**********
Tuntas sudah ujian Kiran untuk masuk kedalam
keluarga Hadiningrat. Eyang putri terlihat puas
dengan hasil masakan cucu menantunya itu.
Walupun tidak banyak menu yang di buat, tapi
semuanya adalah makanan lokal yang memiliki
cita rasa tinggi. Para pelayan benar-benar kagum
pada sosok Kiran, walaupun dia terlihat sebagai
gadis modern pada umumnya namun ternyata
Nona Muda mereka itu tidak pernah melupakan kodratnya sebagai seorang perempuan yang
punya keistimewaan tersendiri yakni harus
bisa melayani suami di dalam segala bidang.
Begitu beres acara makan malam Eyang putri
menyuruh Kiran untuk datang ke kamarnya.
Sementara Agra tampak mendapat panggilan
telepon yang kelihatan nya cukup penting. Dan
setelah mengakhiri pembicaraan teleponnya
dia kembali menghampiri Kiran yangmasih
duduk di kursi nya.
"Sayang.. pergilah ke kamar Eyang..aku akan
pergi dulu keluar, ada perlu sebentar."
Kiran menautkan alisnya, menatap sedikit berat
kearah Agra yang tampak bersiap karena saat ini
Pak Hans sedang memakaikan mantel padanya.
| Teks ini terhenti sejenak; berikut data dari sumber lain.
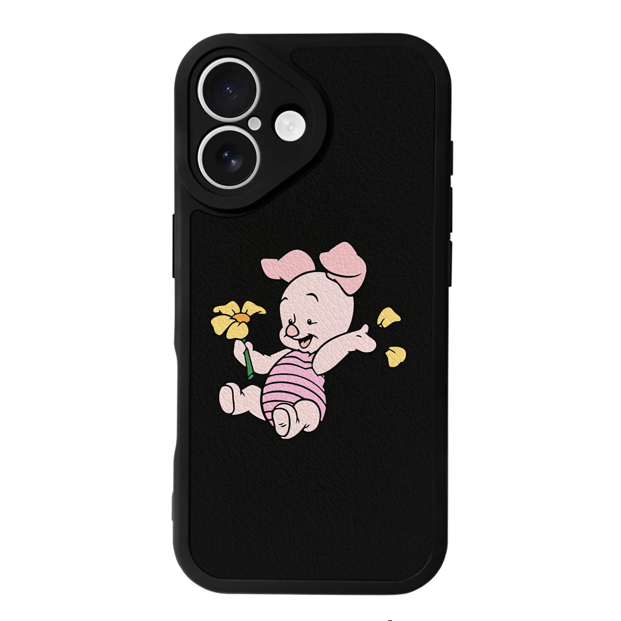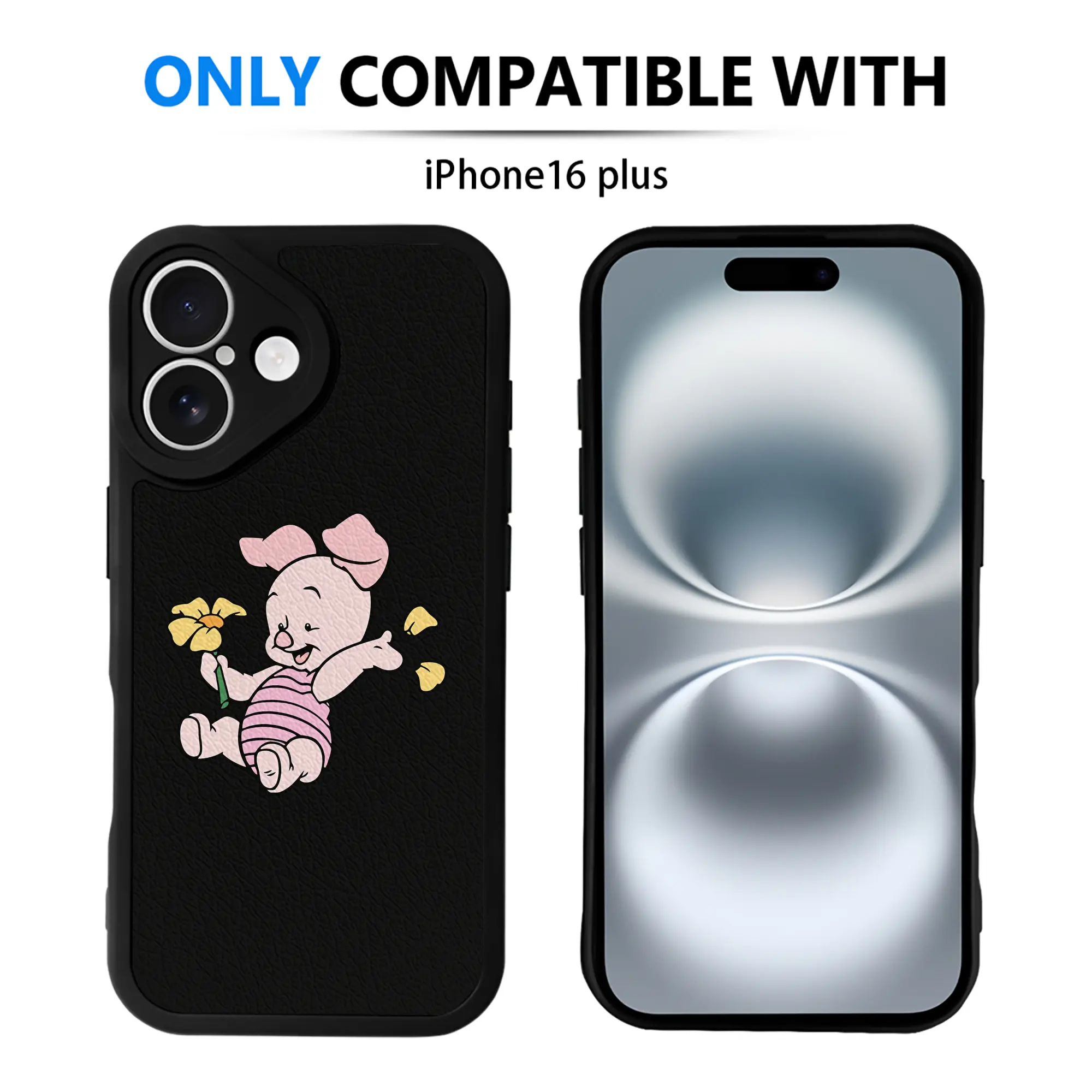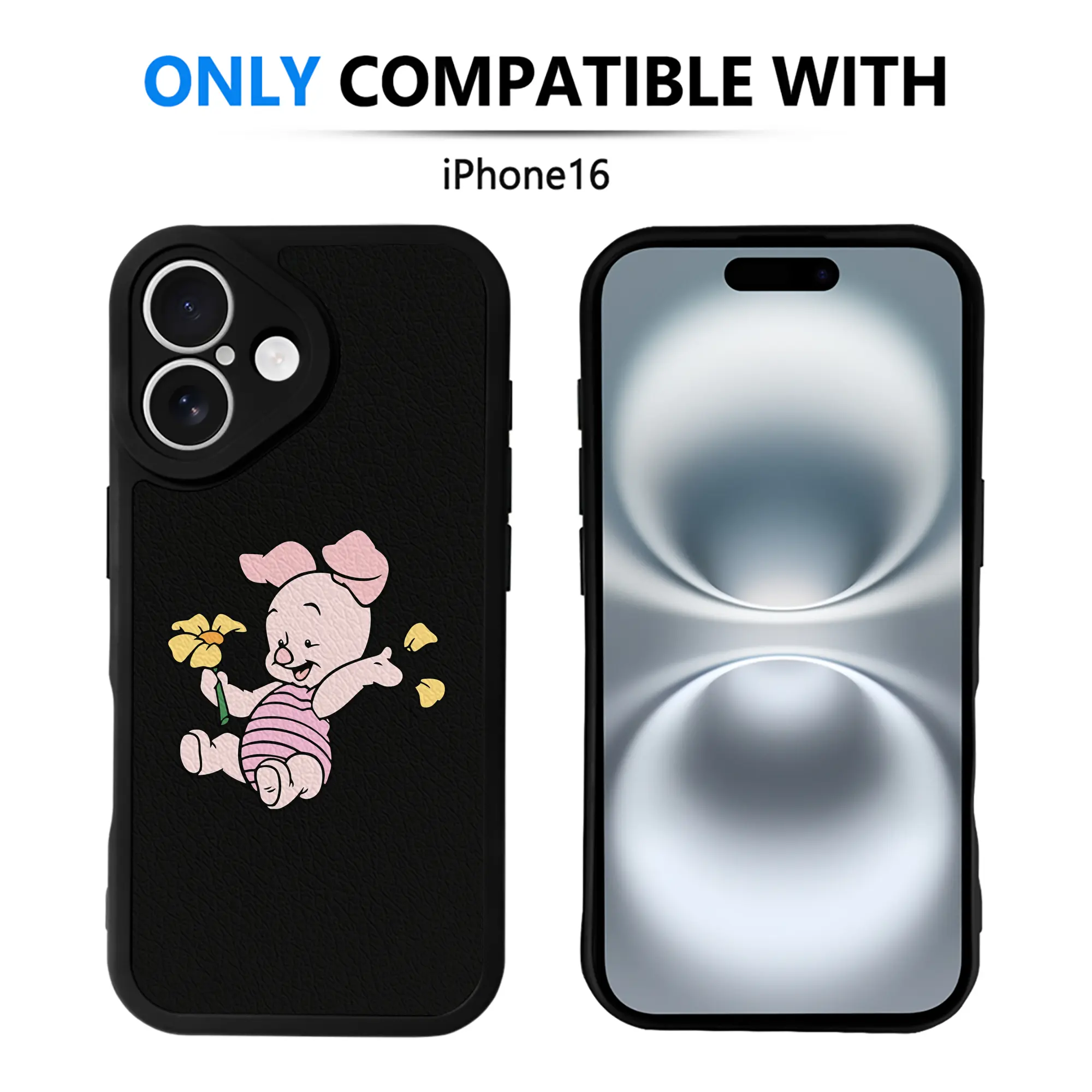 プーさん グッズ ピグレット - IPhone 16シリーズ対応 ・ シリコンスマホケース ・ レザー調 ・ 高精度フィット ・ 耐衝撃 ・ ワイヤレス充電対応 ・ 精密カット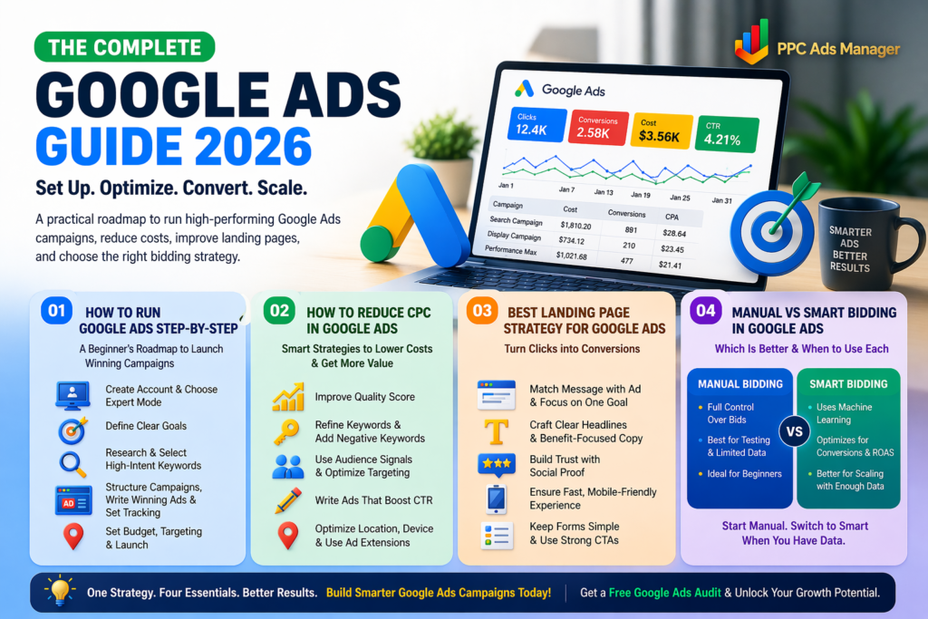 Reducing your cost per click in Google Ads is not just about lowering bids. It is about making smarter decisions that align with how Google’s algorithm evaluates intent, competition, and relevance. When done right, you can bring down CPC while maintaining or even improving the quality of your traffic. Understand How Smart Bidding Actually Works […]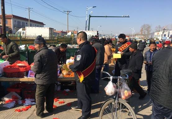 参与宣传的工作人员身披“崇尚科学、反对邪教”等宣传授带,向参加农贸大集的群众发放反邪教宣传单,并主动向群众讲解法轮功等邪教组织的骗人手段和危害,教育群众自觉抵制邪教。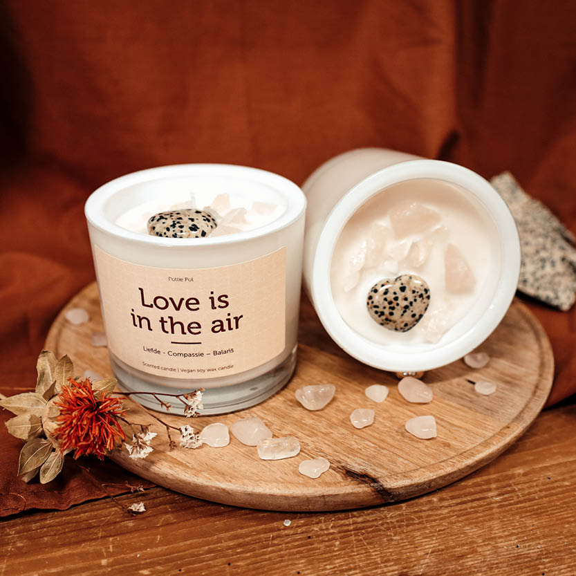 Pottie Pot geurkaarsen met edelstenen omhullen je met heerlijke geuren en benutten de helende krachten van edelstenen. Elke kaars bevat zorgvuldig geselecteerde edelstenen, zoals citrien voor geluk en amethist voor harmonie en ontspanning. Met een inspirerende tekst en met liefde vervaardigd, bieden de Pottie Pot kaarsen een luxe en persoonlijke ervaring.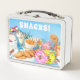 Voici une boîte à lunch amusante avec une variété de délicieuses friandises, dont des beignes, des biscuits, des bonbons et des glaces avec le mot "SNACKS!" en police rétro ci-dessus. La boîte à lunch a un aspect un peu vintage et est parfaite pour le travail ou l'école. Offrez-en un cadeau à un élève pour son retour à l'école ou à un amateur de desserts pour son travail ou comme accessoire fantaisiste.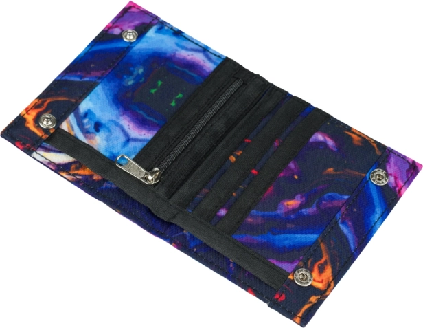 Denne studenterpung er et ideelt valg til skole og fritid. Takket være lukningen med to trykknapper forbliver indholdet sikkert på plads, mens den separate møntlomme med lynlås holder småpenge overskuelige uden risiko for at falde ud.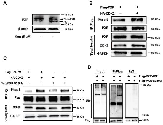 3.6. PXR Phosphorylation at S350 by CDK2 Triggers PXR Degradation via the Ubiquitin-Proteasome Pathway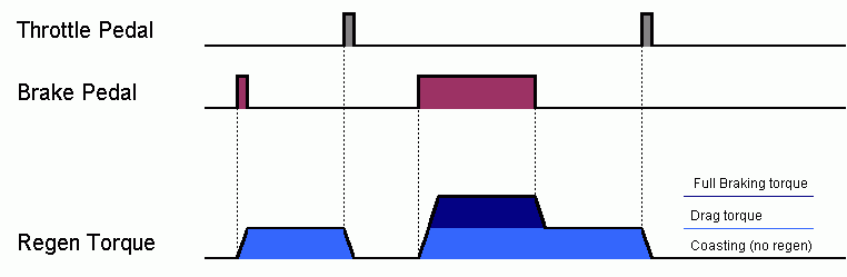![]() I setup a regen braking profile as shown above. If I tap the brake pedal, "drag regen is selected". I can return to coasting mode (no regen) by pressing the gas pedal. If I press and hold the brake pedal, I get full regen braking. When I release the brake, drag regen is selected. When I press the gas pedal, coasting mode (no regen) is selected. This allows me to maintain speeds down hill without having to cycle between coasting and regen braking. Braking torque is set to 25% and Drag torque is set to 10%. |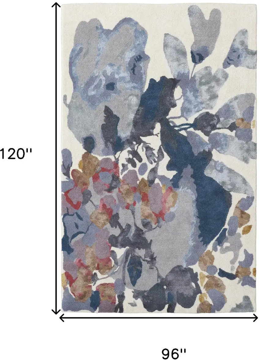 Blue Gray And Pink Wool Floral Tufted Handmade Area Rug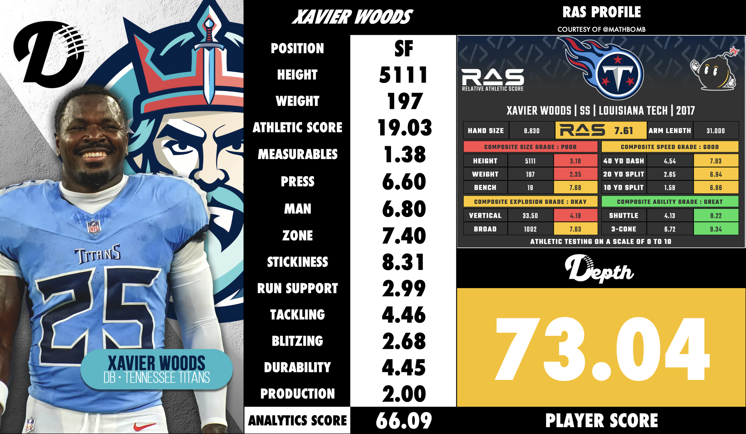 Xavier Woods was selected in the 6th Round (#191 Overall) in the 2017 Draft out of Louisiana Tech University. Woods is a veteran free/strong safety known for his instincts, play‑making ability, and consistent tackling production. He has logged over 100 starts in his NFL career and brings leadership and experience to the back end of a defense. While he may not possess elite size or top‑tier athleticism for every role in coverage today’s NFL demands, his strengths make him a very solid starter in a safety duo, particularly in a scheme that values intelligence, positioning, and versatility.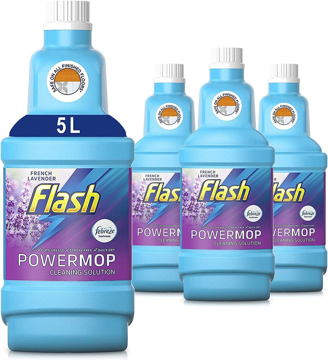 Flash Powermop Refill Liquid, Floor Cleaner, Lavender, 5 Litres (1.25 L x 4)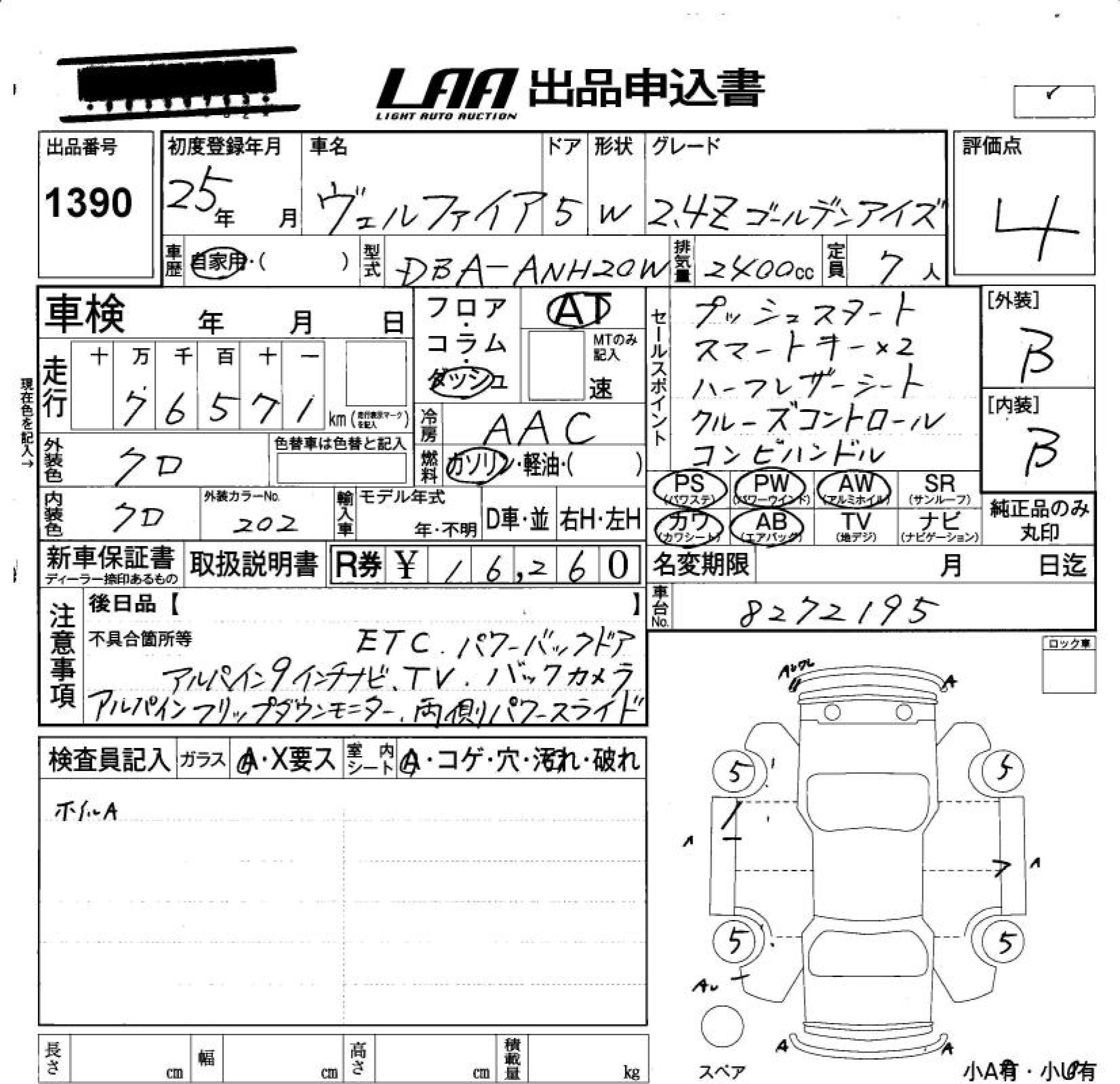 TOYOTA VELLFIRE - лот 1390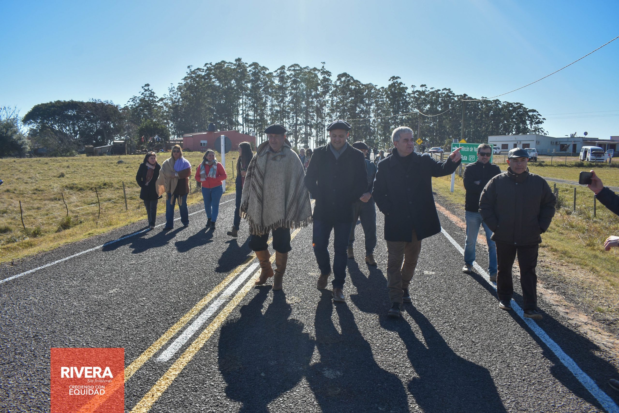 El primer tramo que hicimos fue desde la Ruta Nº 27 hasta La Puente, unos 18 km aproximadamente; luego desde la Ruta Nº 27 hasta Amarillo, 7 km; y ahora, de Amarillo a Minas de Cortume, que son 15 km y que estamos inaugurando hoy. Actualmente estamos trabajando en otros 15 km más, que van desde Minas de Cortume hasta Las Flores y la Ruta Nº 44. Así que, en todo este eje, desde La Puente hasta Las Flores, la gente va a poder circular tranquilamente: el ómnibus, el transporte, los vecinos, que a veces son quienes más dificultades tienen.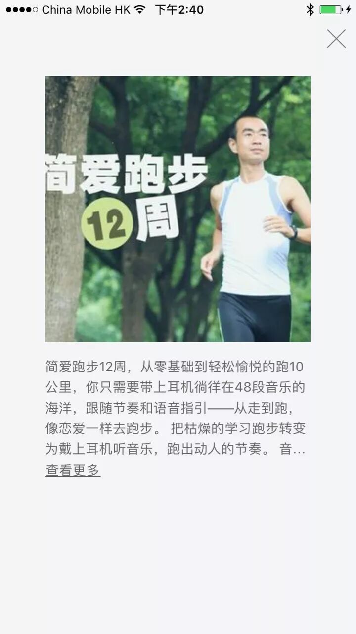 喜欢中文音乐的,推荐喜马拉雅中的“简爱跑步12周”,在适合音乐的指引下走跑结合,到48个音乐结束后就能跑完10公里,这种感觉非常棒。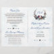 Chic Berries Bullfinch Winter Wreath Wedding Program Romântico Carteira com design de inverno (ramos de abeto, frutos vermelhos e folhagem) com dois pássaros (bulfinch), que abre espaço para as iniciais da noiva e do noivo, tudo sobre fundo branco com flocos de neve esmaecidos. Use a ferramenta Personalizar para adicionar suas informações. Veja, também, minha coleção de celebrações de eventos da vida de inverno.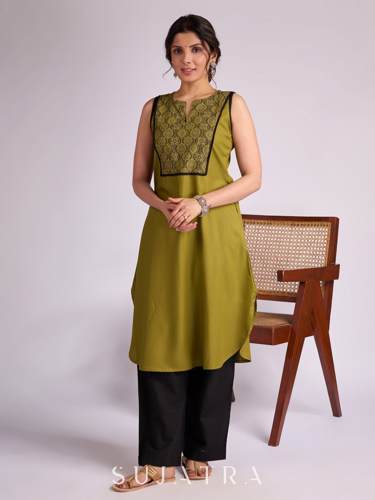 Olive Green Rayon Kurta with Elegant Ajrakh Yoke & Black Piping

"Mau kemana ? apa ada sesuatu yang penting?"
Agra meraih tubuh Kiran ke dalam pelukannya.
Menciumi puncak kepalanya berulangkali.
"Tidak terlalu penting, tapi aku sendiri yang
harus datang mengurusnya.!"
"Apa ada masalah serius.?"
"Tidak ada sayang.. hanya masalah kerjaan."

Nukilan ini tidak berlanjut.